しかし、苦難は続いた。明治16年春は暴風雪が家屋を損傷し、夏にはイナゴの大発生が作物を食い尽くした。秋には暴風雨、翌17年は松方デフレで農産物価格や地価が暴落、株式の解約による事業資金の減少、さらには大凶作と、あらゆる困難が重なった。『浦河町史』はこの「言語に絶する」困窮は、「危急存亡の機」であったと記している。

そういった中でも、澤は信仰の元で生活するピューリタン的理想を求めた。そのため、開墾のかたわら、日曜日には農事の講習、経済、修身、徳義を説き、親睦を深める機会を設けるなどコミュニティーの形成や学問の普及にも目を配って移民たちの独立を重視した。明治17年にはそのための学校兼会堂として寄附金により私立赤心学校を設立した。学校とは名ばかりの40m2ほどの草小屋で澤自身が指導に当たった。これが明治24年に浦河小学校荻伏分教場が設けられるまでの唯一の教育施設であった。また明治19年には元浦河公会(現日本キリスト教団浦河教会)が設立され、開拓民の精神的支えとなった。

当初の赤心社の困窮は、札幌県庁にも達し、明治18年、特別慰労金860円が赤心社に支給された。社長の鈴木はその半額を移民の株主43名に分与し、これは移民の離散を食い止め、挽回の原動力になったという。その際、21名より分与金を基金としてその利子を徳育に活用したいとの申し出があり、徳育会が設立された。現存するその規約書には、成約者筆頭に澤茂吉の署名捺印がある。

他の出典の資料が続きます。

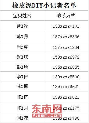 东南网莆田6月2日讯(本网见习记者 徐嘉馨)6月4日(本周日)下午3:00,荔城区委文明办、荔城区社科联联合东南网莆田站,邀请少通社小记者参加丰富生动的橡皮泥DIY趣味活动!今日,活动参与名单公布! 活动详情 主办单位:中共荔城区委文明办、荔城区社科联、东南网莆田站 承办单位:正荣时代广场、少通社 活动地点:正荣时代木棉广场 活动时间:2017年6月4日(本周日)下午3:00 备注: 本次活动为公益活动,无任何费用(每人有一位家长陪同)。活动结束后,小记者们需各自采写一篇与此次活动有关的稿件,发于“莆田东南网”微信板块“莆田13楼”和少通社邮箱:1141141233@qq.com。 咨询热线:13799008201或添加微信好友1141141233咨询。

茂吉はこの地の気候が牧馬に適することに目をつけ、明治19年には放牧地を選定して牧畜業を開始。馬種の改良や乳製品の生産に取り組んだ。また同年には商店の開業、明治21年には養蚕業の開始、26年には果樹園芸、さらに27年には地産の大豆や麦から醤油醸造を開始するなど、事業の多角化を次々に軌道に乗せていった。この頃行われた多くの北海道開拓事業が失敗を重ねた中で、荻伏の事例は模範的と評価されている。

荻伏開拓の功労者

『浦河町史』は茂吉の功績について次のように記している。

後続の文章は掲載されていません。